Despite the recent Justice Department ruling, the forward march continues toward pervasive legalization of the plant cannabis sativa.

A survey of U.S. state marijuana laws shows that, as of 2018, a decisive majority of states have legalized medicinal use of marijuana — and some even its recreational use (in seven states and the District of Columbia). Not surprisingly, legal cannabis businesses are expanding and multiplying across America.

That goes for businesses that would exploit hemp, the nonrecreational, nonmedicinal variety of the cannabis plant (although "hemp" often doubles as the common name for plants of the entire genus cannabis).

Industrial hemp is used, among other things, as a superior but plentiful and renewable building material. It turns out legalization is managing to popularize and legitimize this noncontroversial, nonpsychoactive variety of cannabis sativa, along with its uses for construction (mostly as an insulator).

Among the best-known products derived from industrial hemp is hempcrete (called as much because it's a mixture, like concrete). It's touted and repeatedly given trials by leading green-building websites, such as and The latter published a recent study that expansively addresses not just hempcrete's historic evolution but its numerous advantages (at least six major ones and counting).

Hempcrete is a so-called biocomposite of the stalk elements hemp hurd or shiv and a mineral binder (lime), which fuse in a process known as "bonded cellulose insulation." The binder, once moistened and setting, coats all of the shiv small pieces and binds and glues the hurd particles. Once the binder is cured and the admixture dries, the hempcrete is done.

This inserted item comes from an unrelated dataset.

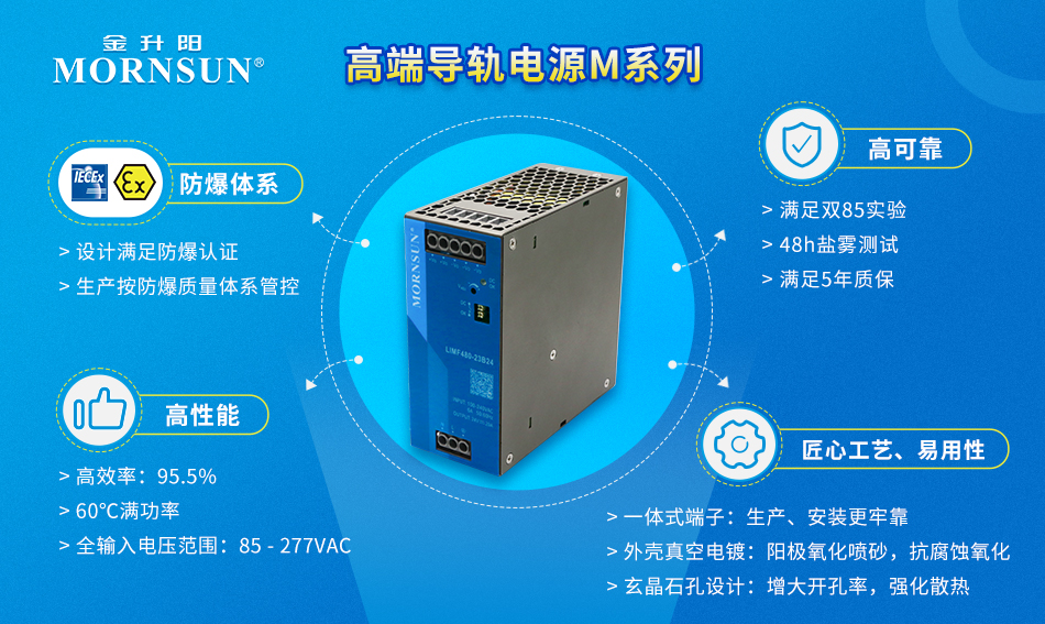 金升阳高端导轨电源M系列——LIMF240/480-23Bxx满足防爆认证,60℃可满载工作,提供5年质保,且兼具防盐雾、5G抗震、三防漆保护等优势,为用户提供更稳定、更安全的电源。
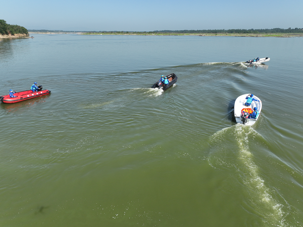 6月16日,救援实施演练阶段,模拟出山店水库整体水位上涨,在游河乡高湾村郑湾组附近,有6名抢收农作物群众被困,其中有3名群众欲游泳自救被困水中。信阳红十字蓝天救援队接到市红十字会救援实施紧急出动指令后,迅速前出开展以搭建帐篷、转移安置群众、救护伤病员、慰问受灾群众和紧急水上救援为具体内容的实景演练。

In appreciating hempcrete's applications, one must know how it's different from other construction composites, such as concrete, mortar and plaster. The lime binder does not fill all hemp particle voids. It just causes the particles to stick with one another where they happen to touch. That's why hempcrete in the final mixture usually has a high percentage of void space between its other components.

But the void space is fine since hempcrete is intended as both a structural and insulating material. Its wide range of helpful thermal, structural and drying properties enables the insulating function. It can be used as roof, slab or wall insulation, although each use requires a slightly different ratio of components in the final biocomposite mixture.

The significance of hempcrete as an insulator? For years, the building industry has been adding more insulation to buildings to lower their energy use requirements. Insulation keeps the air space inside a building at a more even temperature. That means less work for any HVAC system.

Other insulating products aren't just expensive to use; some have serious environmental or health impacts. Going forward, the building industry is using an increasing amount of conventional insulating material — such as mineral wool batt, fiberglass batt, denim batt, dense-packed cellulose, extruded polystyrene foam or expanded polystyrene foam — which is making the cost of hempcrete, albeit a plant-fiber choice, already comparable.

And then hempcrete brings its own advantages. Hempcrete can maintain its integrity under the humid conditions common in many parts of the world (even more so than other plant-fiber choices like cellulose, wood fiber, straw bale, straw/clay and cotton).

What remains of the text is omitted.